[Stored data]
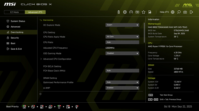 Еще раз повторю, что многое в авторазгоне зависит от системы питания. Все ШИМ-контроллеры программируемые, вся информация о них – в UEFI BIOS, откуда и приходят режимы работы CPU в том или ином случае. Разумеется, данная матплата уже поддерживает новый режим работы Turbo Mode X3D, этот режим работает только на процессорах 9xxx X3D и связан с отсечением рабочих ядер без дополнительного кеша, чтобы оставшиеся ядра смогли работать на более высоких частотах, поднимая тем самым общую игровую производительность в разрешениях, где нет упора в видеокарты. Для нужд тестлаба по материнским платам мы не имеем таких процессоров, поэтому на практике проверить не можем.
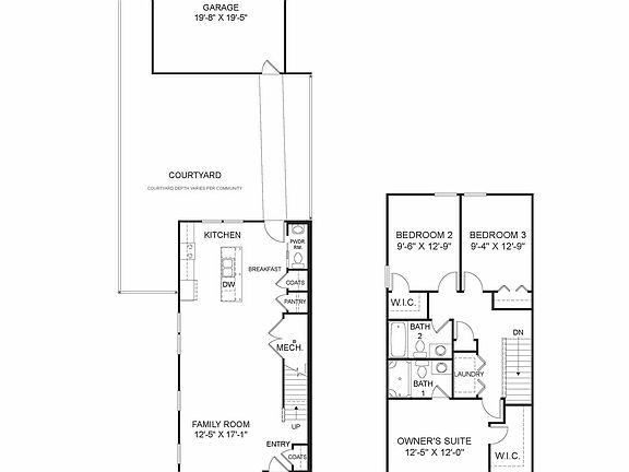 Welcome to the Thayer Townhome!. You'll notice that this series' exteriors are crafted with care, a far cry from cookie cutter townhomes. At 1511 sq. feet, you'll be surprised by how much space these townhomes offer!Our Thayer Townhome offers two levels of modern design efficiency with a private courtyard space between the home and the garage. Visitors are greeted on the main level by a covered porch, entryway, and coat closet. The open concept main floor includes a living room, dining area, and kitchen which includes a powder room, pantry, and mechanical room. The upper level includes an owner-suite featuring an attached private bathroom and large walk-in closet. Additionally, this level features two full-size bedrooms and a bathroom. For your convenience, the laundry room has been thoughtfully placed on the upper level also. Outside, the private courtyard offers you the opportunity to create an outdoor entertainment area, garden retreat, or a space that reflects your lifestyle.This home proudly features our Farmhouse Collection! When you buy a home that is designed with one of our new Collections, you gain a pre-selected yet curated palette of selections that will make your home look remarkable. The Farmhouse Collection is our take on the rustic-modern classic, with hickory luxury vinyl plank flooring, traditional white cabinets, and matte black accents. Fall in love with the white quartz countertops, and the textured pewter tile that adds a vintage flair to your kitc
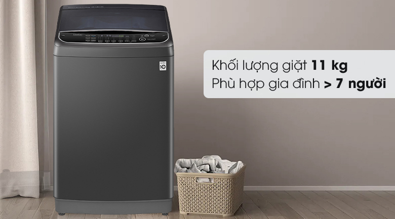 Máy giặt lồng đứng TH2111SSAB có khối lượng giặt lên đến 11 kg, giúp đáp ứng nhu cầu giặt giũ của các thành viên trong gia đình một cách dễ dàng. Đối với những gia đình trên 7 thành viên hoặc có thói quen dồn nhiều quần áo giặt một lần, thì máy giặt LG TH2111SSAB là một sự lựa chọn hoàn hảo.
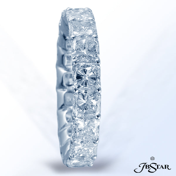 JB STAR PLATINUM DIAMOND ETERNITY BAND HANDCRAFTED WITH 18 RADIANT DIAMONDS IN SHARED PRONG SETTING.
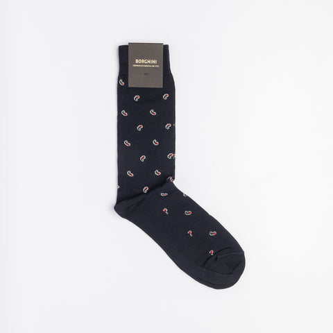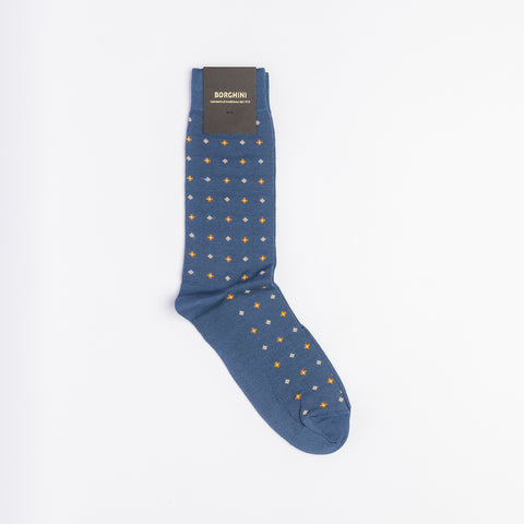 Borghini 891 light blue cotton short socks with orange and white flowers and crosses

• [TO DO] The answer is every line of the data, exactly as written, with the pictures dropped.

• [YOUR RESPONSE]
 Еще раз повторю, что многое в авторазгоне зависит от системы питания. Все ШИМ-контроллеры программируемые, вся информация о них – в UEFI BIOS, откуда и приходят режимы работы CPU в том или ином случае. Разумеется, данная матплата уже поддерживает новый режим работы Turbo Mode X3D, этот режим работает только на процессорах 9xxx X3D и связан с отсечением рабочих ядер без дополнительного кеша, чтобы оставшиеся ядра смогли работать на более высоких частотах, поднимая тем самым общую игровую производительность в разрешениях, где нет упора в видеокарты. Для нужд тестлаба по материнским платам мы не имеем таких процессоров, поэтому на практике проверить не можем.
 Welcome to the Thayer Townhome!. You'll notice that this series' exteriors are crafted with care, a far cry from cookie cutter townhomes. At 1511 sq. feet, you'll be surprised by how much space these townhomes offer!Our Thayer Townhome offers two levels of modern design efficiency with a private courtyard space between the home and the garage. Visitors are greeted on the main level by a covered porch, entryway, and coat closet. The open concept main floor includes a living room, dining area, and kitchen which includes a powder room, pantry, and mechanical room. The upper level includes an owner-suite featuring an attached private bathroom and large walk-in closet. Additionally, this level features two full-size bedrooms and a bathroom. For your convenience, the laundry room has been thoughtfully placed on the upper level also. Outside, the private courtyard offers you the opportunity to create an outdoor entertainment area, garden retreat, or a space that reflects your lifestyle.This home proudly features our Farmhouse Collection! When you buy a home that is designed with one of our new Collections, you gain a pre-selected yet curated palette of selections that will make your home look remarkable. The Farmhouse Collection is our take on the rustic-modern classic, with hickory luxury vinyl plank flooring, traditional white cabinets, and matte black accents. Fall in love with the white quartz countertops, and the textured pewter tile that adds a vintage flair to your kitc
 Máy giặt lồng đứng TH2111SSAB có khối lượng giặt lên đến 11 kg, giúp đáp ứng nhu cầu giặt giũ của các thành viên trong gia đình một cách dễ dàng. Đối với những gia đình trên 7 thành viên hoặc có thói quen dồn nhiều quần áo giặt một lần, thì máy giặt LG TH2111SSAB là một sự lựa chọn hoàn hảo.
 JB STAR PLATINUM DIAMOND ETERNITY BAND HANDCRAFTED WITH 18 RADIANT DIAMONDS IN SHARED PRONG SETTING.
 Borghini 891 light blue cotton short socks with orange and white flowers and crosses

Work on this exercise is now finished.